3 Rotating body (drive shaft)
3g recess (engagement recess)
12 Guide body 13 Contact transmission member 14 Biasing member 15 Friction material (passive friction material)
20 Friction material (drive friction material)
25 Rotating body (drive disk)
C Clutch mechanism E Internal combustion engine
R Rotor X Rotating shaft core

Claims (6)

A rotating body that rotates about the rotation axis by the driving force of the internal combustion engine, a rotor that circulates the coolant of the internal combustion engine by rotating about the rotation axis, and the rotor is transmitted to the rotor A clutch mechanism for intermittently rotating driving force,
When the clutch mechanism rotates together with the rotor, a contact transmission member that is displaceable in a direction away from the rotating body by centrifugal force and a biasing force that displaces the contact transmission member in a direction to contact the rotating body act.

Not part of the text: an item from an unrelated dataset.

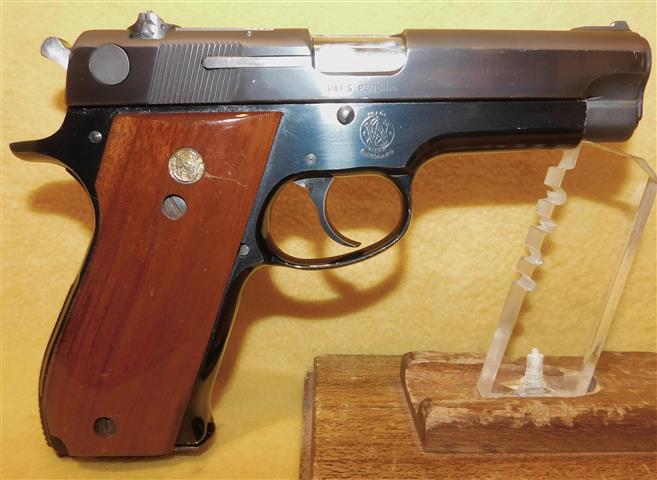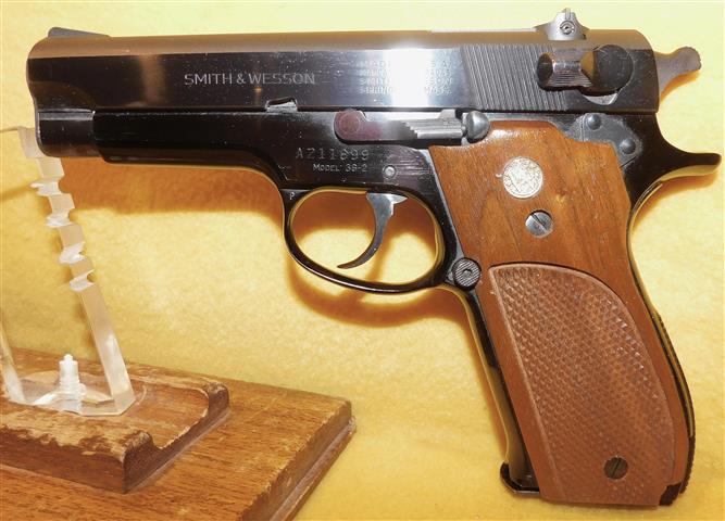 S&W 39-2 IN 9MM CAL., WITH 4" BARREL. COLOR BLUE. CONDITION 98%. SERIAL NUMBER A428216. S&W MODEL 39-2 IN 9MM CALIBER, MIRROR BORE, SMOOTH WALNUT GRIPS EXCELLENT, COMES WITH ONE FACTORY MAGAZINE, 98% OVERALL CONDITION, OUR STOCK # D8206. OUR OLD STOCK # YA16155

And a biasing member to be cooled. The rotating body is formed in a shaft shape, and the rotor is arranged at a position surrounding the rotating body,
The contact transmission member is slidably supported with respect to the guide body in a posture along the radial direction of the rotor, and the urging member urges the contact transmission member to project toward the outer peripheral surface of the rotating body. The coolant pump according to claim 1.   The coolant pump according to claim 2, wherein the plurality of contact transmission members are provided at equal intervals in a circumferential direction centering on the rotation axis.   The coolant pump according to any one of claims 1 to 3, wherein the clutch mechanism is disposed in the coolant.   5. The friction material according to claim 1, wherein a friction material is provided on at least one of two transmission surfaces that contact each other and transmit a rotational driving force among the rotating body and the contact transmission member. Coolant pump. The coolant pump as described in any one of Claims 1-5 in which the recessed part which the said contact transmission member fits is formed with respect to the transmission surface which the said contact transmission member contacts among the said rotary bodies.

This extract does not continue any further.